EXERCISE AIM. Below are the records; print exactly the lines from the one with "HC-8524DS là khóa" through the last, both included, and leave the pictures out.

%%

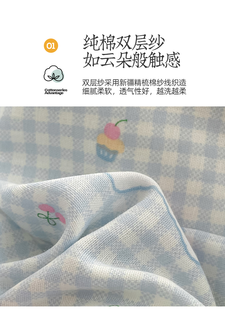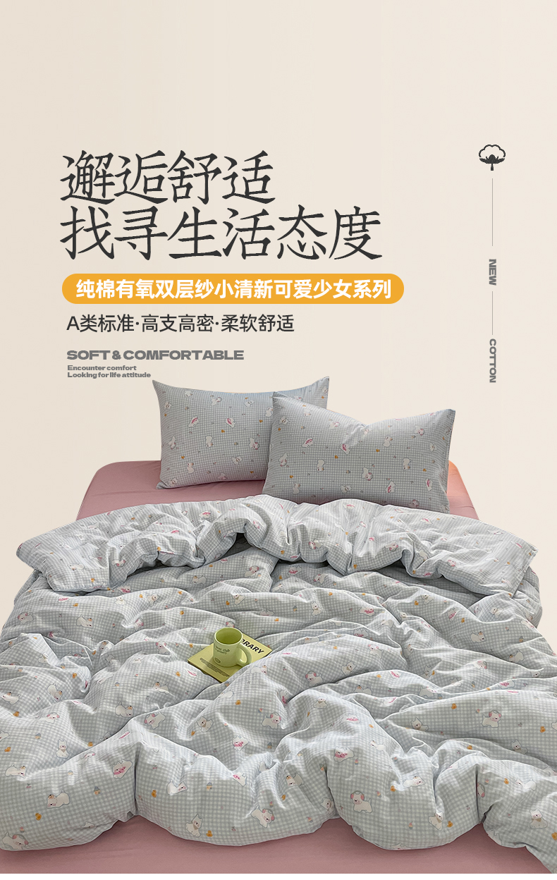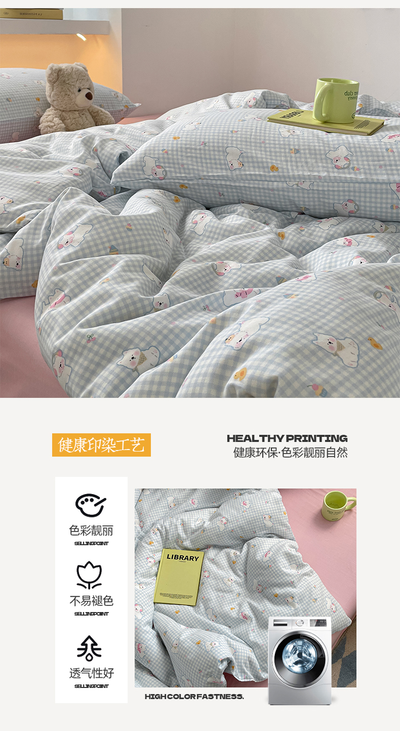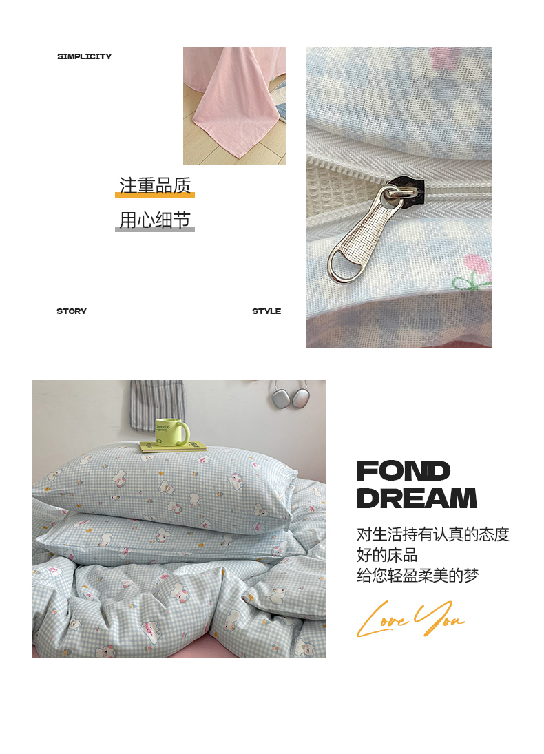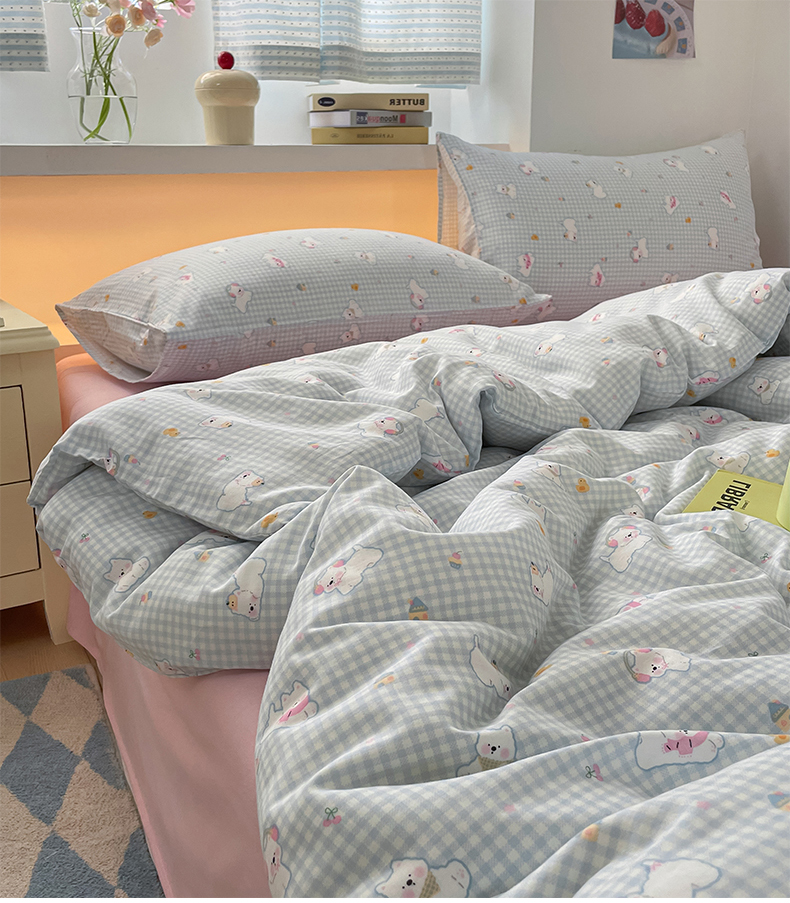 当前位置: 91家纺网 > 商品网购 > 床品套件 > 四件套 > 全棉普通四件套 > 桃子家居2025新款A类纯棉有氧双层纱小清新可爱少女系列四件套 棉双层纱-蓝粉西高地
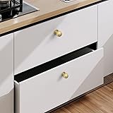 9BUILD 20 Pack 1.2 Inch Brushed Brass Cabinet Knobs - Gold Round Drawer Handles for Kitchen, Dresser, and Cabinets
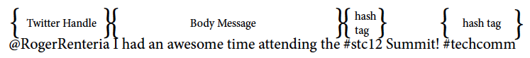 Tweets are 140 characters and may contain Twitter handles (usernames preceded with @), hash tags, lingo, and short language. Hash tags are topics that contain the # character in front of a word, like #techcomm. #techcomm signifies the topic of technical communication. Topics are abundant, for example you can find tweets that include #cats, #dogs, or whatever you prefer.
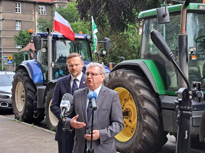 Przed Zachodniopomorskim Urzędem Wojewódzkim w Szczecinie parlamentarzyści Prawa i Sprawiedliwości Zbigniew Bogucki i Czesław Hoc ostro skrytykowali rząd Donalda Tuska za to, że nie broni polskich rolników przed szkodliwymi decyzjami podejmowanymi przez Komisję Europejską i brak reakcji na wykluczenie Polski z negocjacji dotyczących umowy między UE a Ukrainą. Zdaniem posłów PiS sytuacja polskich rolników jest obecnie fatalna, a rzad nie zapewnia Polsce bezpieczeństwa żywnościowego.
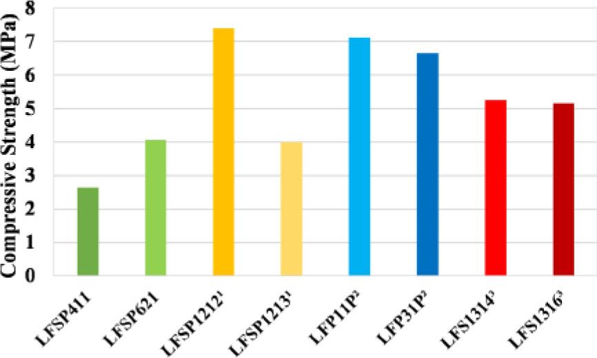 The mixes LFSP212, LFSP411 and LFSP621 developed compressive strengths of 2.54 MPa, 2.64 MPa and 4.06 MPa after 7 days of curing, which were maximum in their respective groups. Thus, these mixes can be considered the optimal mix proportions in their respective groups. However, the mix LFSP621 developed the maximum strength of all combinations tested and hence, it can be concluded that the solid waste blend consisting of 60% FA, 30% SS and 10% PG stabilized with further 6% lime by weight of the solid waste mix can be considered as the most optimal mix for developing maximum strength of the solid waste blocks.
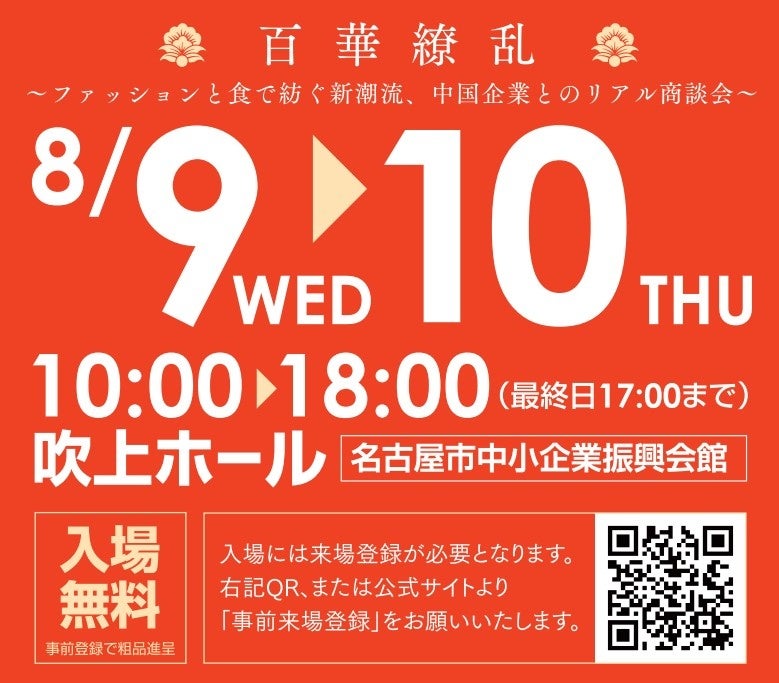 【後援(公的機関)】日本貿易振興機構(ジェトロ)名古屋貿易情報センター・中華人民共和国駐名古屋総領事館・愛知県・三重県・名古屋商工会議所・(一社)東海日中貿易センター・ナゴヤファッション協会
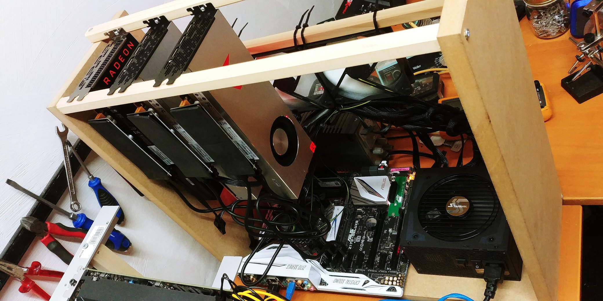 Grafikkarten: 3x Vega 64 (3x Sapphire) (wird noch aufgestockt auf hoffentlich 8x Vega 64)
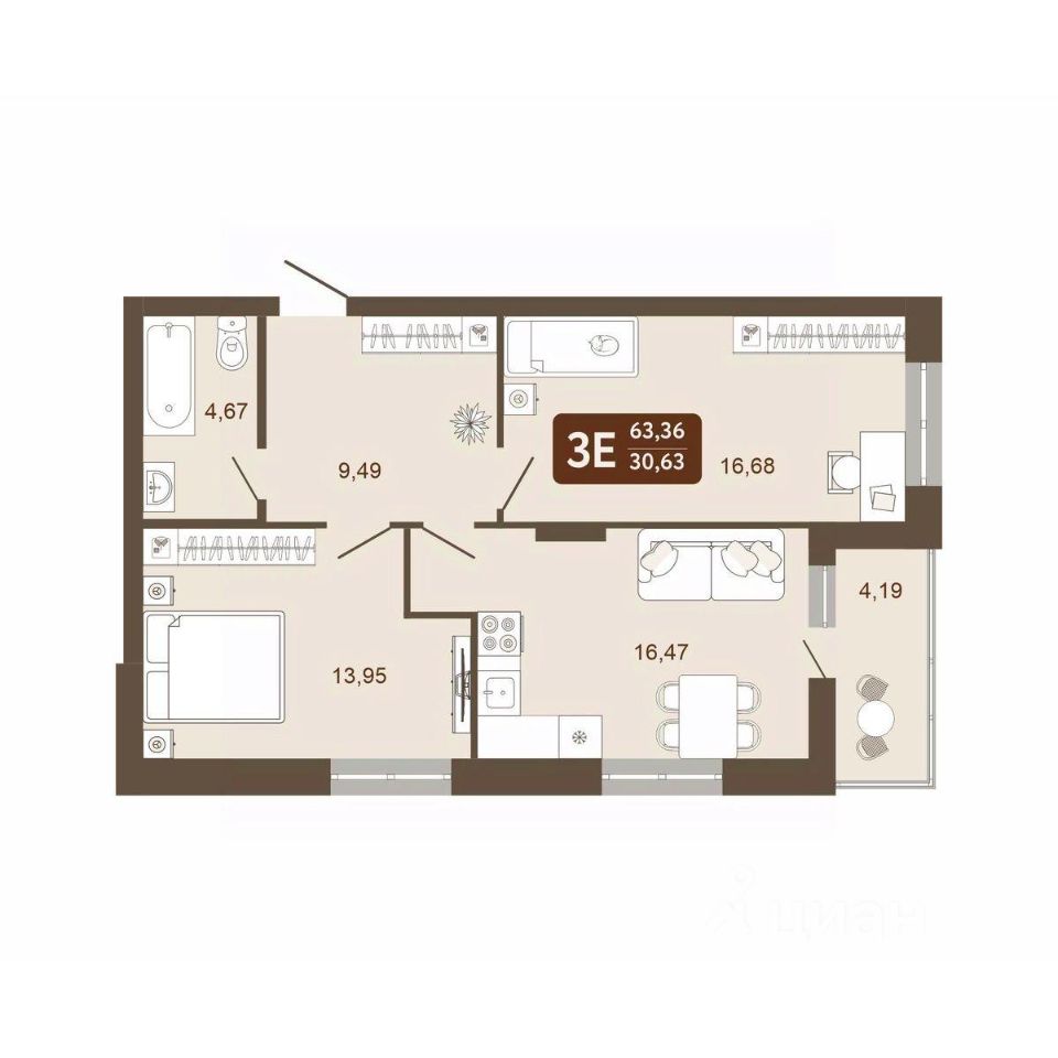 Общая площадь63,36 м²
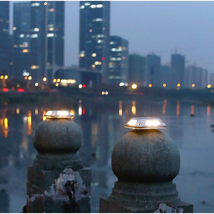 Set 4 Lampi Solare LED pentru Gradina, Practicpentrucasa, cu 8 LED-uri, Prindere de Perete sau impamantare, Alb Cald, IP65, 9 x 9 cm
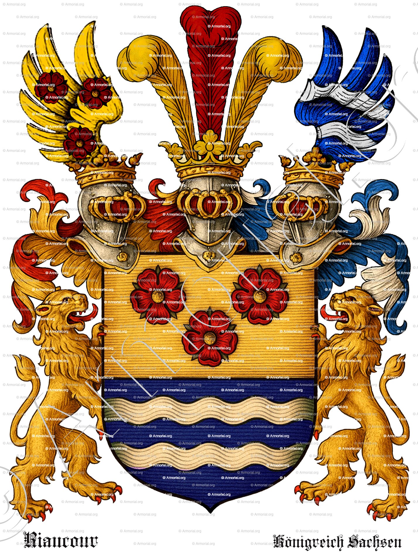 - Cimiers: 1° un demi-vol contourné, aux armes du 1; 2° trois plumes d'autruche, une de gueules, entre deux d'or; 3° un demi-vol aux armes du 2.
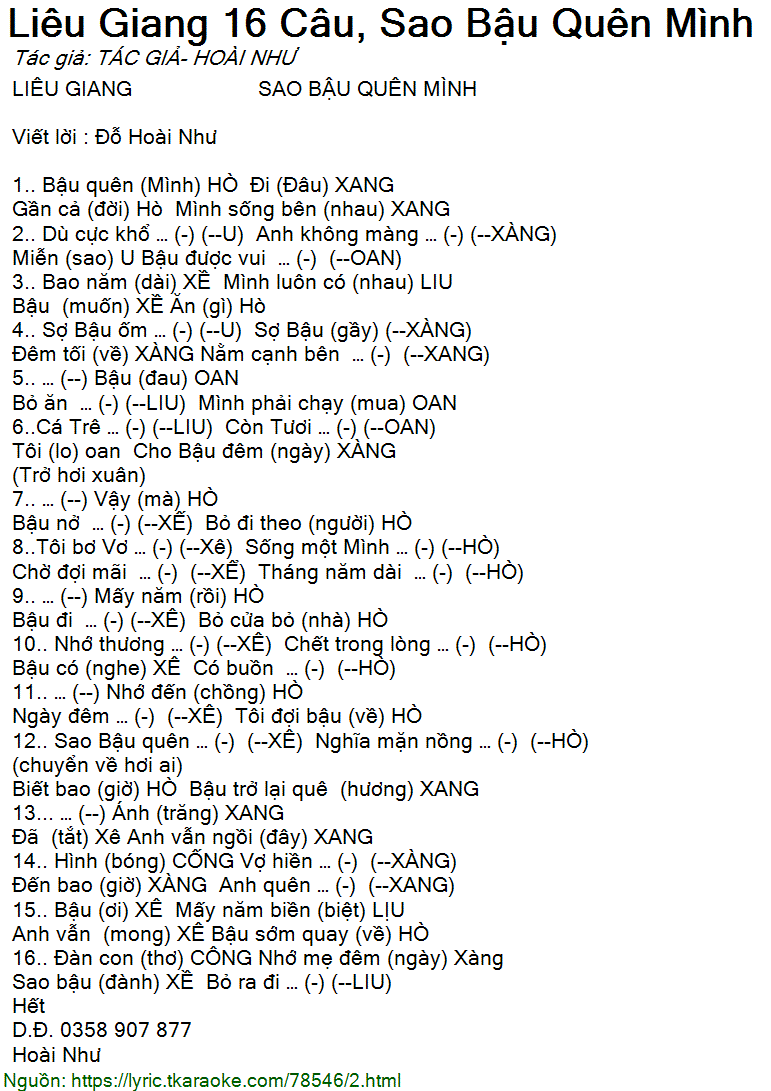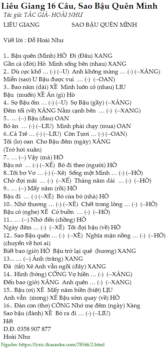 1.. Bậu quên (Mình) HÒ Đi (Đâu) XANG
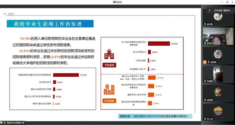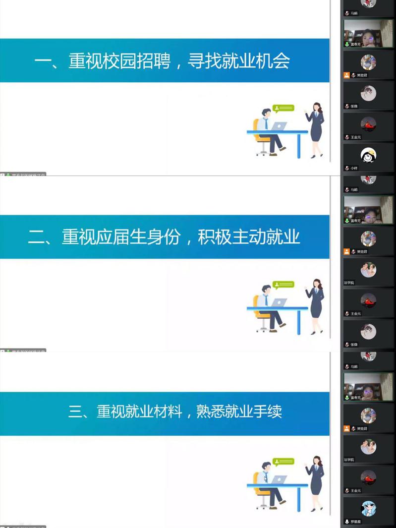 10月31日晚,哲学学院与法学院联合举办了以“疫情常态化下,‘三个重视’助力顺利求职”为主题的线上就业指导专题讲座,由a动漫 招生就业处就业指导教师、GCDF全球职业规划师、高级就业指导师雷春芳老师主讲,学院全体2023届毕业生、领导班子、研究生导师、负责就业工作的辅导员参会。
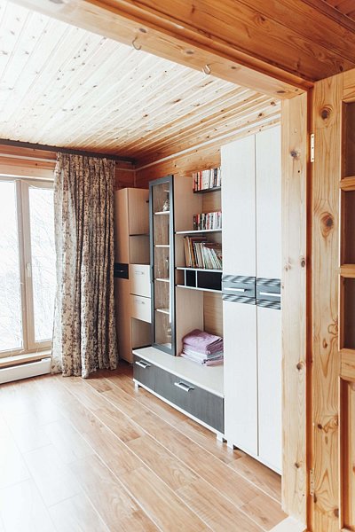 - Большая проходная комната (24 м.кв) - диван-кровать, мебель, кресло, печь;
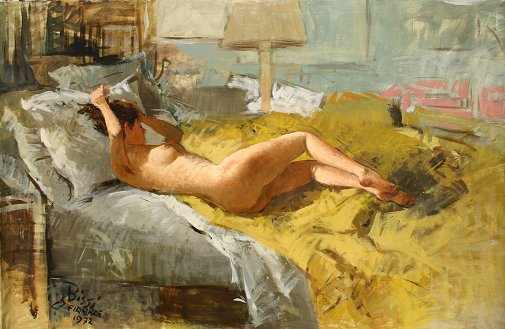 BISSI, Sergio, (Italian, 1901-1987): Nude, O/C, 30'' x 48'', unstretched, signed, signed verso, Firenze, 1972.
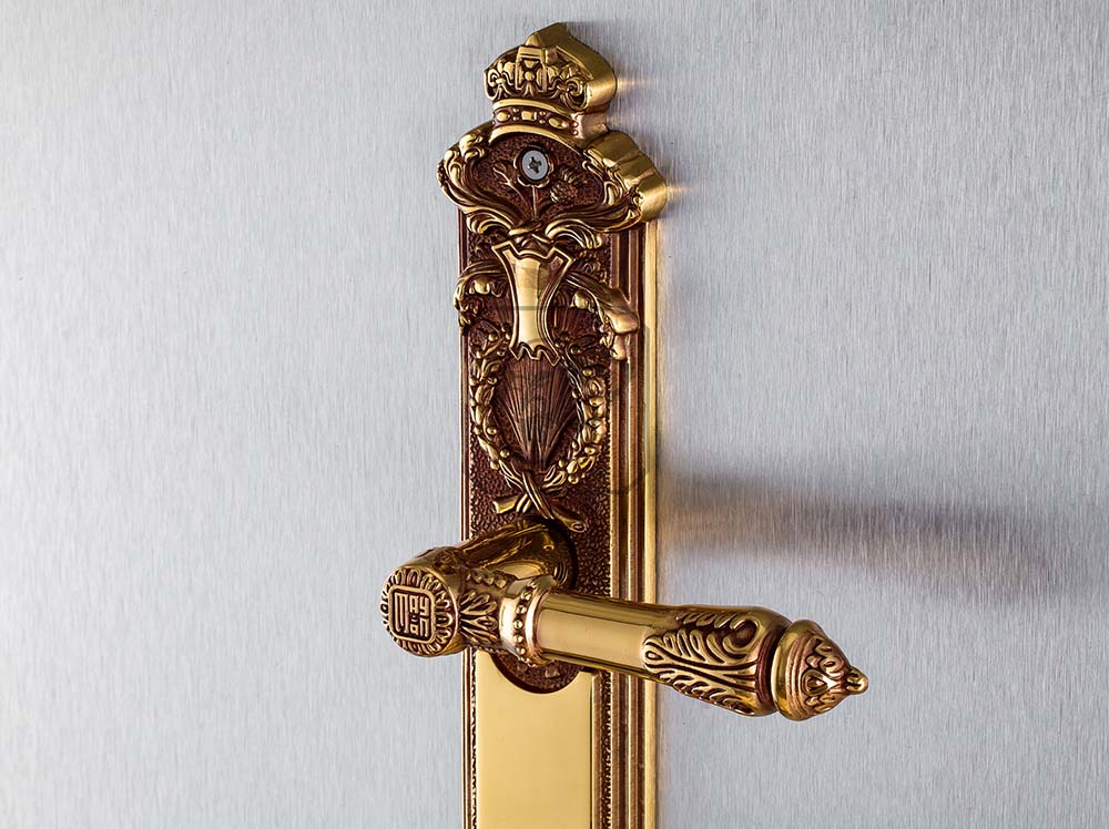 HC-8524DS là khóa đồng thau nguyên khối với tay gạt chắc chắn, thiết kế hoa văn tinh xảo. Dòng sản phẩm này phù hợp với các cánh cửa 2 cánh lớn, tạo điểm nhấn sang trọng cho không gian đại sảnh.
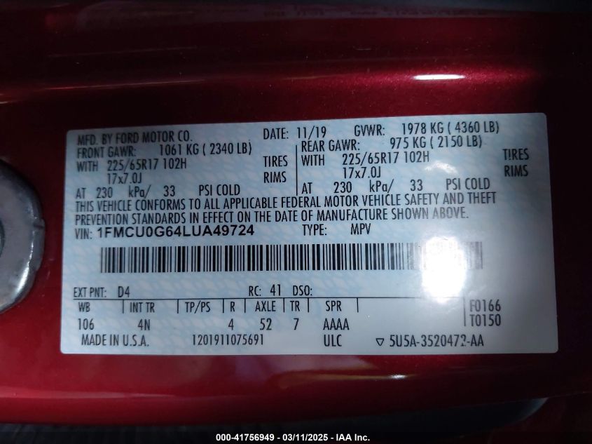Color RedCylinders 3Drive Front wheel driveVIN 1FMCU0G64LU******State Run & Drive VerifiedDamage Front or back AutoRIA
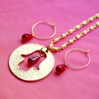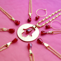 Abundance is the energy we're manifesting this shmita year and beyond, and nothing communicates abundance like the symbolic beauty of the pomegranate. Handmade glass pomegranate seed adorns a hammered gold-plated bronze hamsa pendant presented on gold plated chain to make a strong and simple solo accessory or a perfect layering piece. Complete the look and pair with our Shmita Glass Pomegranate Hoop Earrings.

%%

EXERCISE SOLUTION.
 HC-8524DS là khóa đồng thau nguyên khối với tay gạt chắc chắn, thiết kế hoa văn tinh xảo. Dòng sản phẩm này phù hợp với các cánh cửa 2 cánh lớn, tạo điểm nhấn sang trọng cho không gian đại sảnh.
Color RedCylinders 3Drive Front wheel driveVIN 1FMCU0G64LU******State Run & Drive VerifiedDamage Front or back AutoRIA
 Abundance is the energy we're manifesting this shmita year and beyond, and nothing communicates abundance like the symbolic beauty of the pomegranate. Handmade glass pomegranate seed adorns a hammered gold-plated bronze hamsa pendant presented on gold plated chain to make a strong and simple solo accessory or a perfect layering piece. Complete the look and pair with our Shmita Glass Pomegranate Hoop Earrings.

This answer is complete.